Taken together, the density plots, bootstrap confidence intervals, and regression analysis provide complementary evidence that allows us to evaluate not only the magnitude of density changes but also their reliability and ecological relevance. This integrated approach helps distinguish true shifts in bird community activity such as the consistently high urban density observed at **Fort de France Centre Ville** from random sampling fluctuation.


### Species Diversity Study

### Detectability Study (auditory V.S. visual)

#### Introduction

For this sampling indicator, we wanted to see how many of the detections were visual/auditory per year, for the top five of most visited transects (for more reliable data).

To analyse if this indicator was informative, we first plotted some initial histograms, where we observed that for some transects there seemed to be an increase in the ratio of auditory observations. In order to confirm this trend, we decided to further research this topic.

To count the needed values for this, we used the cleaned observation dataset `nom_francais_clean`. 

#### Computations

Total auditory/visual bird counts were aggregated by `(year, transect)` adding the data from column `TOT_AV_sV`, while the individual auditory and visual totals were extracted from the columns `TOT_A` and `TOT_V_sV` respetively.  

To calculate the percentage of observed audio shares, we did:
$$
\widehat{p}_{y,t}=\frac{A_{y,t}}{AV_{y,t}},\qquad \text{Auditory (in \%)}=100\times \widehat{p}_{y,t}
$$
where $A_{y,t}=\text{auditory detections}$, $V_{y, t} = \text{visual detections}$ and $AV_{y,t} = A_{y,t} + V_{y,t}$ for each year $y$ at transect $t$.

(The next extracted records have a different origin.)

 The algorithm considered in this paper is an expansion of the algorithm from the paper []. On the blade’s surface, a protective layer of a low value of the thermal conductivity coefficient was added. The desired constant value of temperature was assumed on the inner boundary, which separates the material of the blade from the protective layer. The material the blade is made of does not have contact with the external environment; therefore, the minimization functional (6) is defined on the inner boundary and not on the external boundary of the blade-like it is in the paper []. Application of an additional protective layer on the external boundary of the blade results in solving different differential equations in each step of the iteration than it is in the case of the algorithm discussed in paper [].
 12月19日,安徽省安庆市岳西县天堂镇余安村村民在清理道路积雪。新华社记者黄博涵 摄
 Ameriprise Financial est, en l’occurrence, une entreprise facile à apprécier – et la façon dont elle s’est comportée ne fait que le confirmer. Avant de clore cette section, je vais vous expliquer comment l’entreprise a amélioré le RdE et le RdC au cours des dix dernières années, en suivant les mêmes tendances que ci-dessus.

To trace the confidence intervals for the observed shares, we used the Wilson method, because classic "Wald" Confidence Intervalls perform poorly with small $n$ or extreme $p$ (bounds can leave [0, 1]). 
Instead, Wilson score intervals have better coverage and stay in [0, 1], which matters because if we increase the number of transects, the $\text{year} \times \text{transect}$ might have modest totals.

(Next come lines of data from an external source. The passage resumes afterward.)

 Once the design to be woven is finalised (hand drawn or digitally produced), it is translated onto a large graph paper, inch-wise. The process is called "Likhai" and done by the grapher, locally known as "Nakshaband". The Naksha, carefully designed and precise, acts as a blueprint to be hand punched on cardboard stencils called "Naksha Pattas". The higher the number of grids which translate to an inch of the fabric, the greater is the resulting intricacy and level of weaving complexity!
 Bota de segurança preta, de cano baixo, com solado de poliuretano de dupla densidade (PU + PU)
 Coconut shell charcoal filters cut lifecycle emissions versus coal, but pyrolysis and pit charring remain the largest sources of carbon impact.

The formula used for $95\%$ CI is:
Let $z = 1.96$, $\widehat{p} = \frac{A_{y,t}}{AV_{y,t}}$. 

$$
\text{CI}_{\text{Wilson}} = \frac{\widehat{p} + \frac{z^2}{2n} \pm z\sqrt{\frac{\widehat{p}(1 - \widehat{p})}{n} + \frac{z^2}{4n^2}}}{1 + \frac{z^2}{n}}
$$

In the code, this is calculated by the imported function `statsmodels.stats.proportion.proportion_confint(method="wilson")`, then we multiply it by 100 to get the percentage.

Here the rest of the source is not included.